Exercise description: Each record must be copied in full and unchanged; any image it holds is excluded.

(Collected data entries)
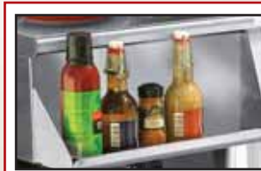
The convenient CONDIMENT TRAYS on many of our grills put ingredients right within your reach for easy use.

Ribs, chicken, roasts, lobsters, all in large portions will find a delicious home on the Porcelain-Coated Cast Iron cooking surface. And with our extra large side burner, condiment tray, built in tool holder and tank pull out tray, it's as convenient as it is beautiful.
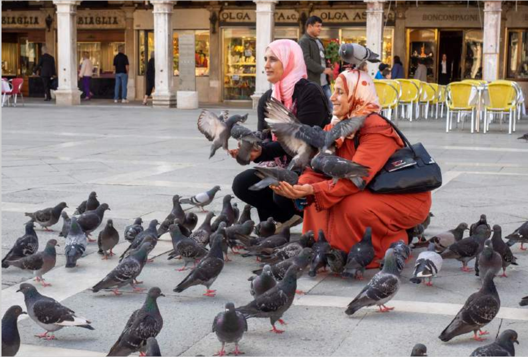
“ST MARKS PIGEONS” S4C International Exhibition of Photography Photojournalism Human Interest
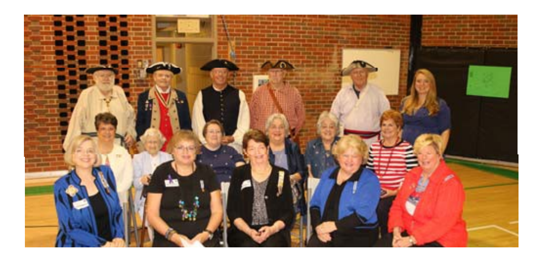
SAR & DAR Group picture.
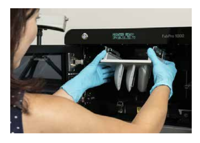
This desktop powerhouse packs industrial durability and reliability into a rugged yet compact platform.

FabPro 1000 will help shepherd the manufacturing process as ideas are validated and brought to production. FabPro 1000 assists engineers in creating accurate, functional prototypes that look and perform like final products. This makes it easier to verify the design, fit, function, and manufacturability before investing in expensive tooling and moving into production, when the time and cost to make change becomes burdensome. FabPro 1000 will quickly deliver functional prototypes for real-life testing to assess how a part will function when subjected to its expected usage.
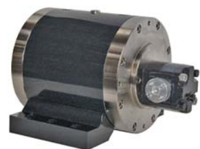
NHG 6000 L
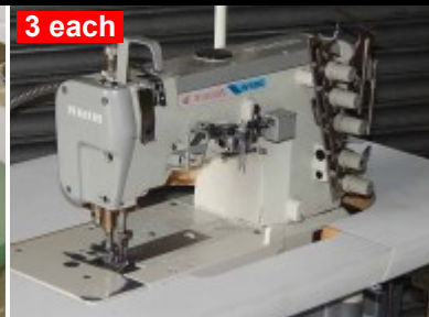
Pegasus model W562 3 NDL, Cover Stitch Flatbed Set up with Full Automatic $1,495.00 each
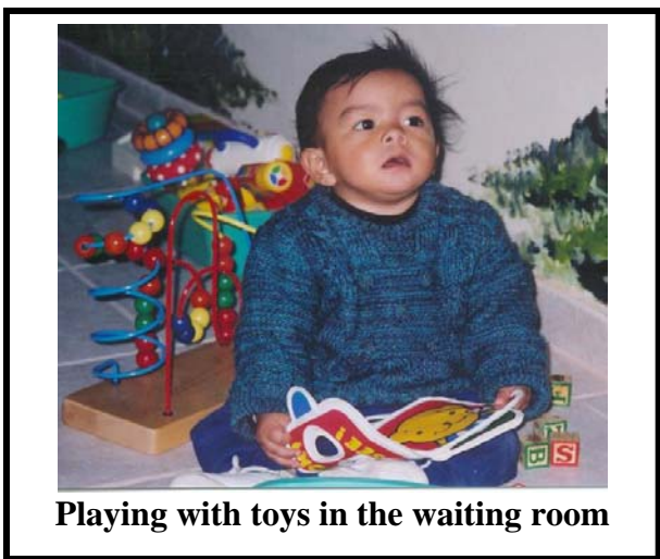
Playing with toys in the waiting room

Answer to this problem:
The convenient CONDIMENT TRAYS on many of our grills put ingredients right within your reach for easy use.

Ribs, chicken, roasts, lobsters, all in large portions will find a delicious home on the Porcelain-Coated Cast Iron cooking surface. And with our extra large side burner, condiment tray, built in tool holder and tank pull out tray, it's as convenient as it is beautiful.
“ST MARKS PIGEONS” S4C International Exhibition of Photography Photojournalism Human Interest
SAR & DAR Group picture.
This desktop powerhouse packs industrial durability and reliability into a rugged yet compact platform.

FabPro 1000 will help shepherd the manufacturing process as ideas are validated and brought to production. FabPro 1000 assists engineers in creating accurate, functional prototypes that look and perform like final products. This makes it easier to verify the design, fit, function, and manufacturability before investing in expensive tooling and moving into production, when the time and cost to make change becomes burdensome. FabPro 1000 will quickly deliver functional prototypes for real-life testing to assess how a part will function when subjected to its expected usage.
NHG 6000 L
Pegasus model W562 3 NDL, Cover Stitch Flatbed Set up with Full Automatic $1,495.00 each
Playing with toys in the waiting room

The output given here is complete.